My Vizsla runs around like crazy, and not sure if it`s intentional but the birds get spooked and they flush. He has no restraint and doesn`t point. I recently went out hunting with two seasoned pointers, and was amazed by their work. They smelled the birds, pointed. Just what you would expect from a pointer.

Now, I`m beginning to think I may have messed up. He has only been trained on dead bird feathers. He has an excellent nose. Is it too late to teach him restraint? I`m sending him off to a trainer this week. Could the live birds make all the difference? After a conversation with the trainer, I was told it might not be too late as Vizslas mature slowly. 

What are your thoughts?


----------



## einspänner (Sep 8, 2012)

Pointing is the natural instinct to hesitate and slowly creep or stalk before the pounce/flush. The instinct will go away when the dog learns that it's a whole lot more fun to flush the birds, so in part training a pointer is capturing that natural behavior, encouraging it, and developing it. Your dog needs to learn that by holding point and allowing you to flush the bird, you will shoot the bird and he will be rewarded by the retrieve. A bird in mouth is worth two flying away in the bush or something like that. 

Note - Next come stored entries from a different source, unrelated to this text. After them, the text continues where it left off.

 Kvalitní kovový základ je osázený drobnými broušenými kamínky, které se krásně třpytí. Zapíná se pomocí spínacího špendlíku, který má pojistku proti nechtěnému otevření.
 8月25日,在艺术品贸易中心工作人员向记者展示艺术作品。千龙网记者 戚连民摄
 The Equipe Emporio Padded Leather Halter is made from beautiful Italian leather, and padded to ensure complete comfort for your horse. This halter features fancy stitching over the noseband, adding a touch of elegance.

It's definitely not too late and getting a trainer that knows vizslas will help. Training with Mo is a book that was recommended to me on the forum when I was first looking into getting a V. I really like his (Mo Lindley) method because it emphasizes letting the birds teach the dogs, which is exactly how those seasoned pointers you hunted with have gotten so good. It's a whole lot of obedience for sure, but it also comes down to experience. I'll let the folks who really know what they're doing give more advice, but to me it sounds like you have a dog with great drive, you just need to harness it with training.


----------



## texasred (Jan 29, 2012)

Going from working with dead only, to hunting wild is a big jump for a dog. You missed a lot of steps in between. Some dogs still have to adjust, when going from pen raised to wild, but they have the basic steps down.
Him running like a wild man flushing birds isn't all that bad. At least you know he wants to hunt. He just has to learn how to hunt with you as a team.


----------



## browndogbrownguy (Nov 10, 2015)

I agree. I missed a lot of steps. I`m new to hunting too. From now on I plan to do a better job. Hopefully all is not lost.


----------



## harrigab (Aug 21, 2011)

I didn't start working Ruby until she was 16 months old due to her being a mid-summer pup, she seemed a bit "clueless" at first, or rather it was me that wasn't seeing her working it out. After her first working season she came on leaps and bounds and everybody on the shoots we work just love to watch her when she's hunting/quartering/pointing, I never trained her to do any of those, it just came natural to her, so at 18 month I'd definitely say "all is not lost"


----------



## browndogbrownguy (Nov 10, 2015)

I definitely know that he has potential. I know he can point too - just not at birds yet. He can point and stalk house flies all day long.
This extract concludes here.